◆ **Exercise details**
The material below holds the lines to copy: from the one with "Take Five is" up to and including the one with "BEANIE HAT IN WHITE WOOL WITH BOW 421253". Copy them exactly and skip the pictures.

BEGIN

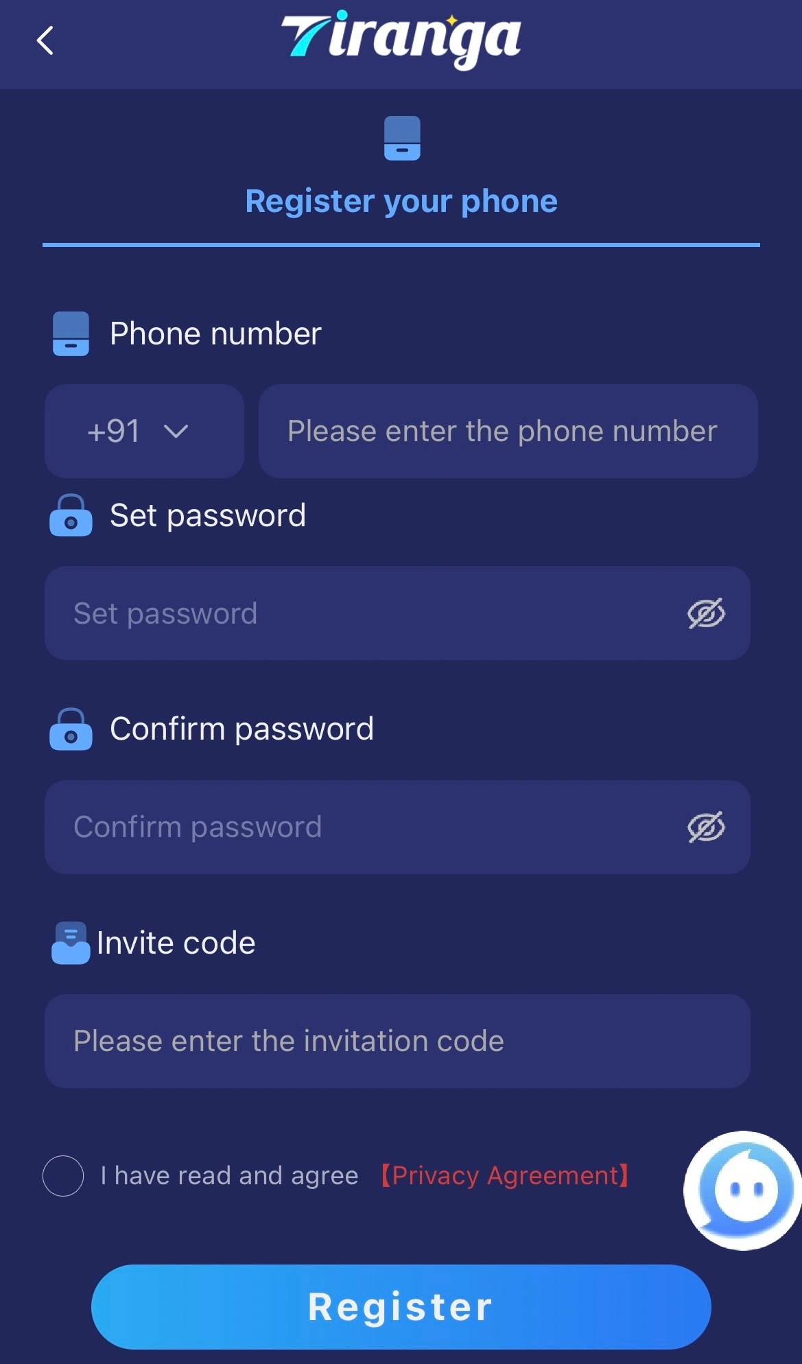 Creating a new account on Tiranga Game is a quick and straightforward process. Follow these six simple steps to get started and claim your ₹500 welcome bonus.
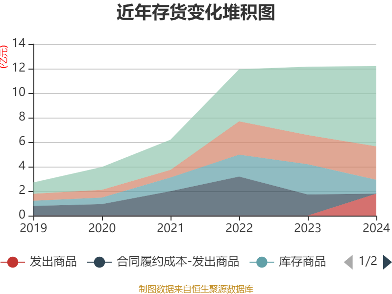 从存货变动来看,截至2024年末,公司存货账面价值为12.2亿元,占净资产的59.22%,较上年末增加502.64万元。其中,存货跌价准备为2263.96万元,计提比例为1.82%。
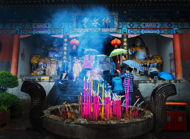 冒着淋漓细雨,河南新闻摄影学会、凤凰网河南频道、福泉酒店等主办、承办方领导,以及全省十八地市近百位媒体人、摄影人,欢聚在千年历史名刹佛泉寺内的礼佛坛。
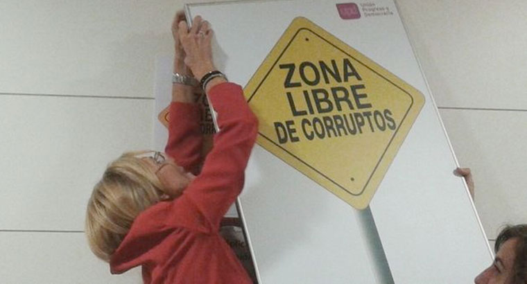 Unión, Progreso y Democracia (UPyD) ha desafiado al presidente del Congreso, Jesús Posada, volviendo a colgar el cartel con la leyenda 'Zona libre de corruptos' en sus dependencias de la Cámara Baja pese a que éste les había ordenado retirarlo por resultar ofensivo para el resto de grupos.
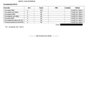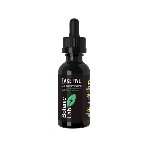Take Five is a 10ml premium CBD oil with zero THC guaranteed. The oil has added hemp terpenes myrcene, limonene, alpha & beta-pinene, linalool, b-caryophyllene, caryophyllene oxide, terpinolene and humulene.
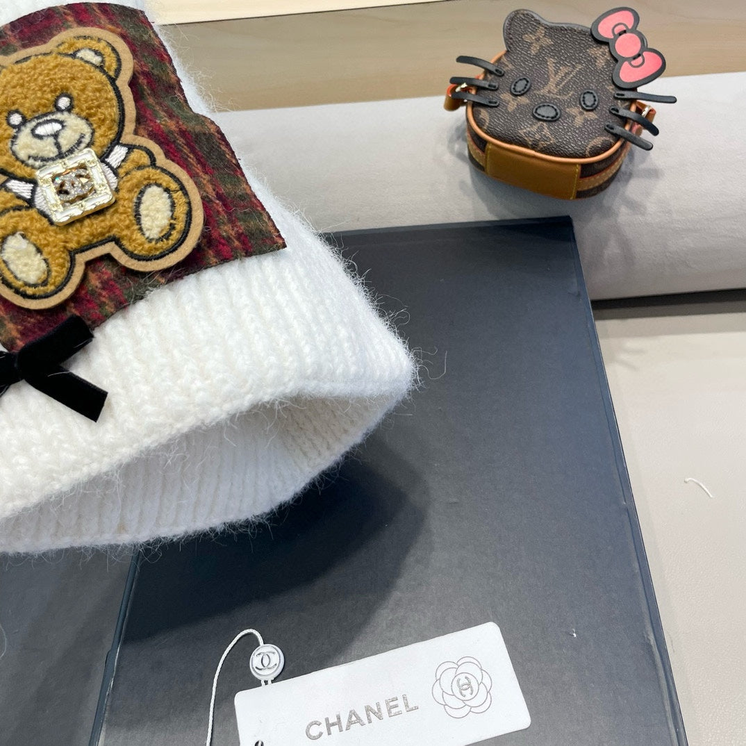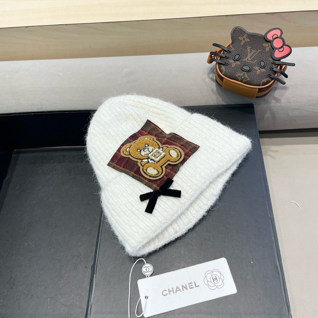 BEANIE HAT IN WHITE WOOL WITH BOW 421253
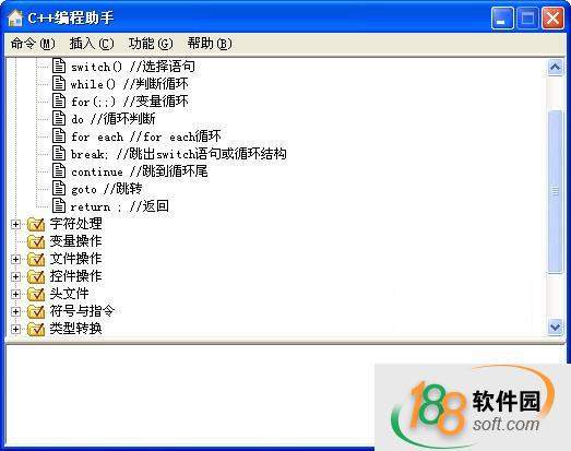 C++編程助手將一些常用或不常用的編程命令等添加到了列表中,方便用戶使用,對于那些英文不怎么好的人是一種極大的幫助。 功能介紹 1.常用命令 2.流程控制 3.變量操作 4.文件操作 5.

END

◆ **Reply**
Take Five is a 10ml premium CBD oil with zero THC guaranteed. The oil has added hemp terpenes myrcene, limonene, alpha & beta-pinene, linalool, b-caryophyllene, caryophyllene oxide, terpinolene and humulene.
 BEANIE HAT IN WHITE WOOL WITH BOW 421253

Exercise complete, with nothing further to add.